24-842-cv (L) Fed. Ins. Co. v. Am. Precision Indus., Inc.
UNITED STATES COURT OF APPEALS FOR THE SECOND CIRCUIT
SUMMARY ORDER RULINGS BY SUMMARY ORDER DO NOT HAVE PRECEDENTIAL EFFECT. CITATION TO A SUMMARY ORDER FILED ON OR AFTER JANUARY 1, 2007, IS PERMITTED AND IS GOVERNED BY FEDERAL RULE OF APPELLATE PROCEDURE 32.1 AND THIS COURT’S LOCAL RULE 32.1.1. WHEN CITING A SUMMARY ORDER IN A DOCUMENT FILED WITH THIS COURT, A PARTY MUST CITE EITHER THE FEDERAL APPENDIX OR AN ELECTRONIC DATABASE (WITH THE NOTATION “SUMMARY ORDER”). A PARTY CITING A SUMMARY ORDER MUST SERVE A COPY OF IT ON ANY PARTY NOT REPRESENTED BY COUNSEL.
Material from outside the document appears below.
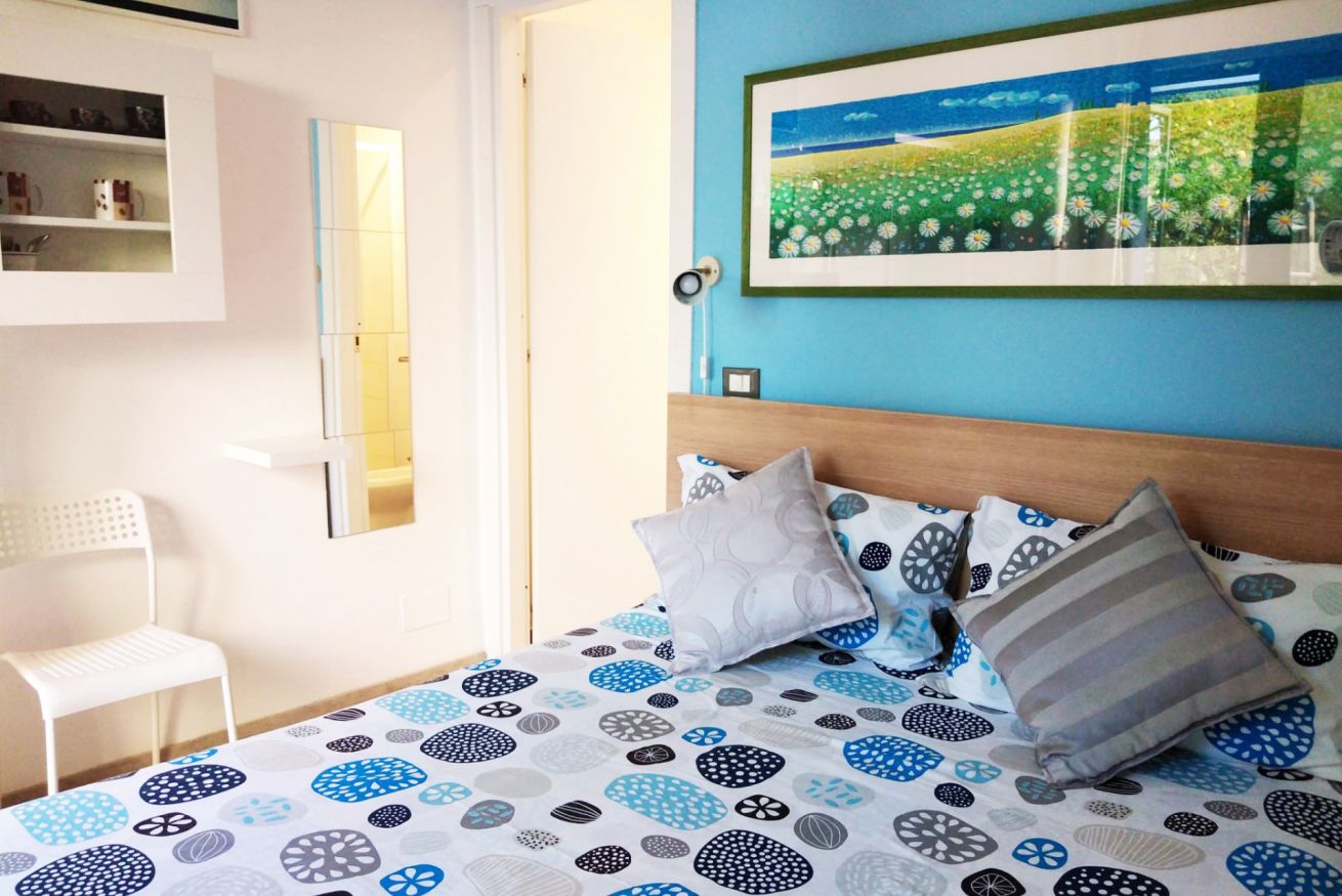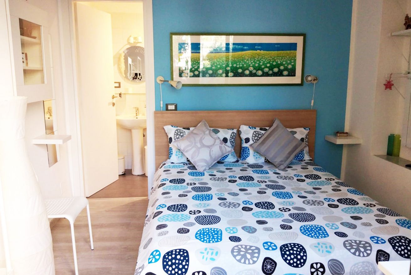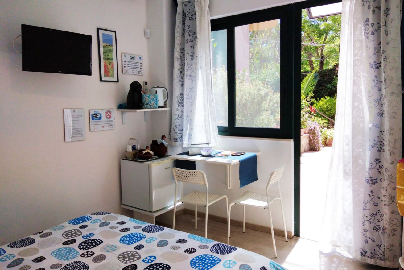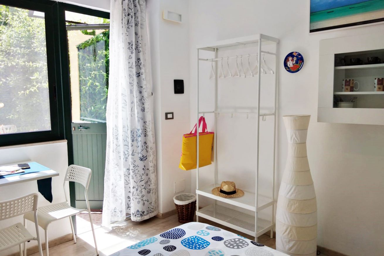Camera con letto matrimoniale e bagno privato con doccia all'interno, dotata di ogni comfort: wi-fi gratuito, aria condizionata, tv, mini frigo, macchina del caffè con cialde, bollitore, guardaroba, biancheria da letto e da bagno, stendino. All'esterno è presente un angolo cottura, microonde e un grande tavolo con sedie a disposizione dei nostri ospiti. 2 biciclette in dotazione per l'intero soggiorno.

At a stated term of the United States Court of Appeals for the Second Circuit, held at the Thurgood Marshall United States Courthouse, 40 Foley Square, in the City of New York, on the 11th day of April, two thousand twenty-five.
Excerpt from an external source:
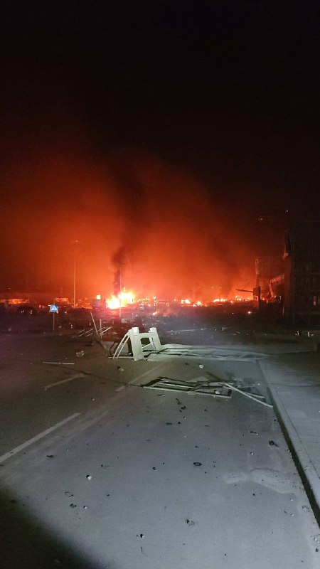 23:21. попередньо житлові будинки не постраждали від вибухів. Але снаряд упав один з ТРЦ столиці.

PRESENT: PIERRE N. LEVAL, JOSEPH F. BIANCO, WILLIAM J. NARDINI, Circuit Judges. _____________________________________
FEDERAL INSURANCE COMPANY, FIREMAN’S FUND INSURANCE COMPANY, NORTH RIVER INSURANCE COMPANY,
Defendants-Appellants-Cross-Appellees,
v. 24-842-cv (L), 24-843-cv (XAP)
AMERICAN PRECISION INDUSTRIES, INC.,
Plaintiff-Appellee-Cross-Appellant. _____________________________________
FOR DEFENDANTS-APPELLANTS- JONATHAN D. HACKER, O’Melveny & Myers CROSS-APPELLEES: LLP, Washington, District of Columbia (Jenya Godina, O’Melveny & Myers LLP, Washington, District of Columbia, and Frank B. Slepicka, Cohn Baughman, Chicago, Illinois, on the brief), for Federal Insurance Company. Michael A. Kotula, Rivkin Radler LLP, Uniondale, New York, and Steven C. Schwartz, Chaffetz Lindsey LLP, New York, New York, for Fireman’s Fund Insurance Company.
Meg F. Catalano and Christina R. Salem, Kennedys LLP, Basking Ridge, New Jersey, for North River Insurance Company.
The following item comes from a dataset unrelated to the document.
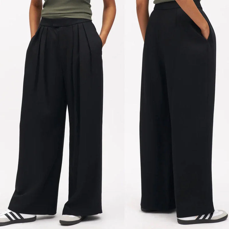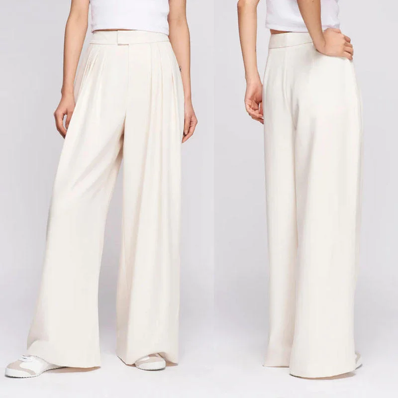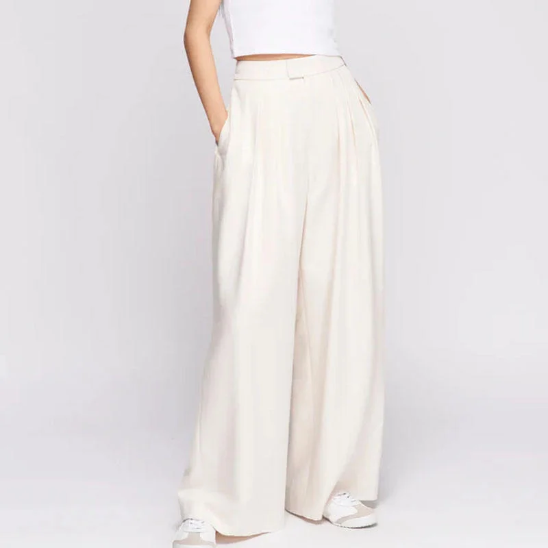 Wholesale Customized High Waist Casual Solid Pattern Button Detail Wide-Leg Pleated Plaza Pants Ladies Straight Jeans Breathable

FOR PLAINTIFF-APPELLEE-CROSS- ADAM J. BUDESHEIM, McCarter & English, APPELLANT: LLP, New York, New York.
Appeal from an order of the United States District Court for the Western District of New
York (Richard J. Arcara, Judge).
UPON DUE CONSIDERATION, IT IS HEREBY ORDERED, ADJUDGED, AND
DECREED that the appeal from the district court’s order, entered on December 21, 2022 and
amended on November 20, 2023, is DISMISSED, and the case is REMANDED for further
proceedings.
The parties cross-appeal from the district court’s interlocutory order on their cross-motions
for summary judgment. Defendants-Appellants-Cross-Appellees Federal Insurance Company,
Fireman’s Fund Insurance Company, and North River Insurance Company (collectively, the
“Insurers”) appeal the district court’s order insofar as it held that the Insurers have a duty to defend
certain non-named insureds in underlying asbestos litigation and must pay defense costs on an “all
sums,” rather than pro rata, basis. Plaintiff-Appellee-Cross-Appellant American Precision
Industries, Inc. (“API”) cross-appeals the district court’s order insofar as it held that
indemnification on an all sums basis was not required. Pursuant to 28 U.S.C. § 1292(b), the district
court certified three questions for interlocutory appeal: (1) “[w]hether – and if so, when – policy
2 obligations are triggered by third-party lawsuits that do not name as a defendant the insured or its
successors, assigns, or alter egos, but where the insurers have notice that the insured retained
liability for the harms alleged in the third-party suits” (the “Named Insured Question”);
(2) “[w]hether insurers can be required to pay defense costs for long-tail claims on an all sums
basis where the policy language limits indemnification to harms occurring during the policy
period” (the “Allocation of Defense Costs Question”); and (3) “[w]hether Viking Pump precludes
pro rata allocation of indemnification where the insurance policy definition of bodily injury
includes ‘death at any time’ language” (the “Allocation of Indemnity Question”). Am. Precision
Indus., Inc. v. Fed. Ins. Co., No. 14-CV-1050, 2023 WL 8014382, at *8 (W.D.N.Y. Nov. 20, 2023)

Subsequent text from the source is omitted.